Il peut y avoir quelque chose de
surprenant à voir une jeune fille retracer,
pour son premier livre, la trajectoire d'un tueur
en série. Encore faut-il noter que le récit,
loin de suivre les classiques développement
du genre policier, prend les chemins de la fable.
Chronologiquement, la seconde partie du livre
exécutée en noir et blanc, a été
réalisée en premier. Conçu
pour être indépendante, elle va pourtant
donner naissance à la première partie
et au livre. Car poursuivant son "travail",
Aude Samama n'a pas voulu simplement développer
son récit, elle lui a donné un autre
visage, lui a offert un nouvel éclairage
d'ensemble. Les planches qui naissent dans un
second temps sont traitées en couleur et
reviennent sur le passé révélé
lors de la confession du héros. C'est dans
le rapport qui s'établit entre les deux
narrations de la même période que
se place l'enjeu du livre.
Ce "retour vers le passé" a
pris effectivement une forme inattendue : une
économie de lieux, une quasi absence de
d'arrière plans et de détails. Les
quelques éléments de reconstitution
historique s'effacent pour ouvrir sur un univers
où la palette chromatique tient lieu de
décor physique et mental, un univers d'ombres,
de désirs et de menaces, un univers de
conte, affranchi de tout réalisme.
De cette approche surgit sous un jour nouveau
la figure de Lily, une jeune mère trop
séduisante, égoïste parce qu'inconsciente,
tour à tour femme-enfant, amante, mère
ou prostituée. La couleur suit la ligne
du corps, souligne une sensualité qu'un
amour déçu va condamner. Elle met
dans le même temps en scène le drame
de son fils, Angelo, dont le visage et le corps
deviennent ceux d'un homme et dont la silhouette
porte sur sa mère une ombre menaçante.
Sur fond de portes, de serrures, d'escaliers,
le meurtre n'est qu'un rite de passage impossible,
un passage à l'acte raté. Un compte
à rebours a commencé et au jeu de
la couleur succède le noir et blanc. La
seconde partie annonce dès la première
image la fuite d'Angelo, la répétition
de ses gestes, sa culpabilité et sa chute.
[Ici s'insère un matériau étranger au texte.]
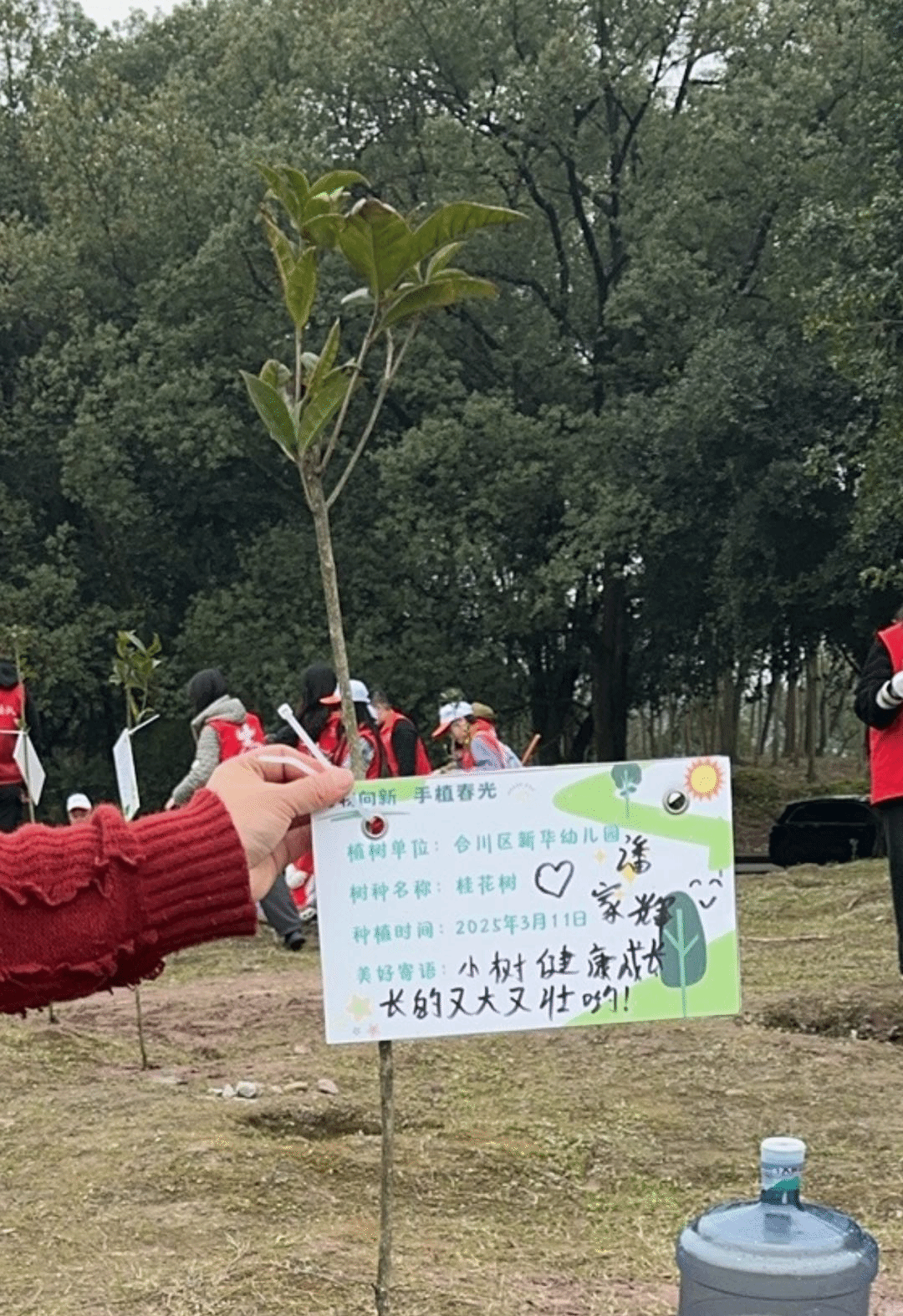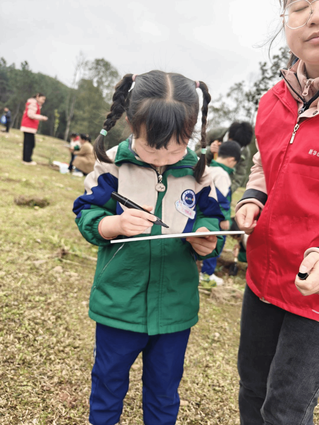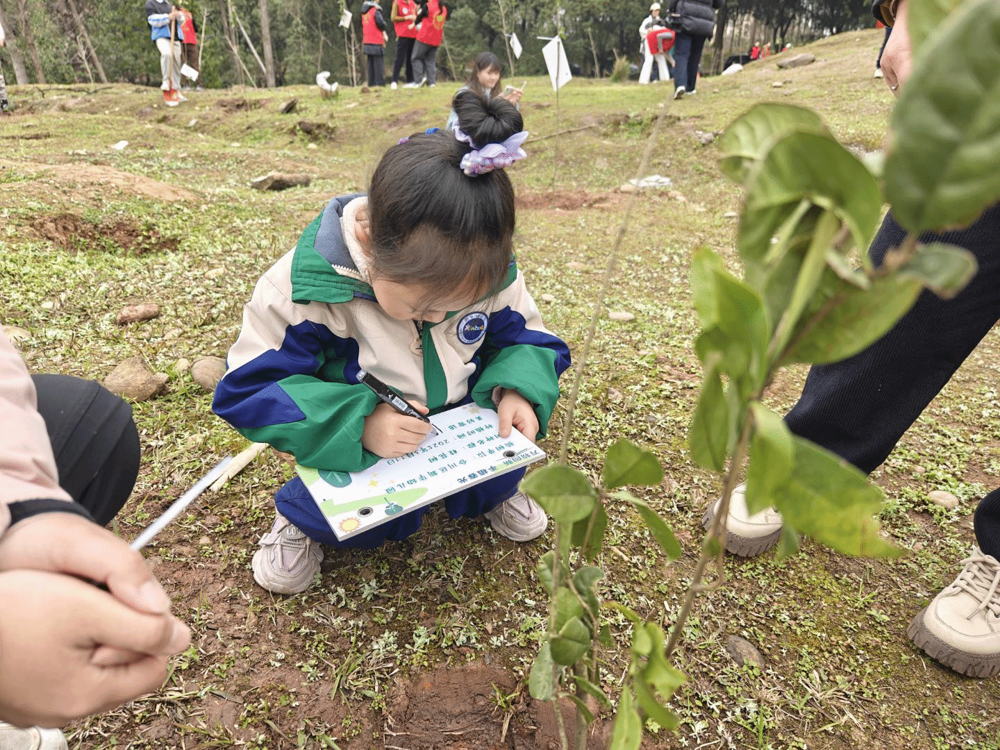 在植树过程中,参与者们纷纷拿起笔,在精美的挂牌上写下对树木的祝福和寄语。这些寄语或诗意盎然,描绘着树木未来枝繁叶茂的景象;或朴实真挚,表达着对大自然的热爱与敬畏。每一个挂牌都承载着他们对未来的美好愿景,更象征着他们对环境保护的责任与承诺。一位小朋友在寄语卡上写道:“愿同小树苗一起茁壮成长。”这稚嫩的话语不仅表达了对小树苗的期待,也象征着小朋友希望自己能像小树苗一样,在阳光雨露的滋养下,健康快乐地成长。

Cette série, cette mauvaise passe, seule
sa confession permettra de la briser avec les
mots de la douleur et de la rancoeur.
C'est alors qu'est dit explicitement le sujet
central du livre : le désir, qu'il soit
refoulé ou souverain. Bien plus qu'Angelo,
enfant devenu un tueur ou tueur redevenu enfant,
c'est le désir lui-même qui, capable
de briser les destins en série, apparaît
comme le véritable loup de ce conte.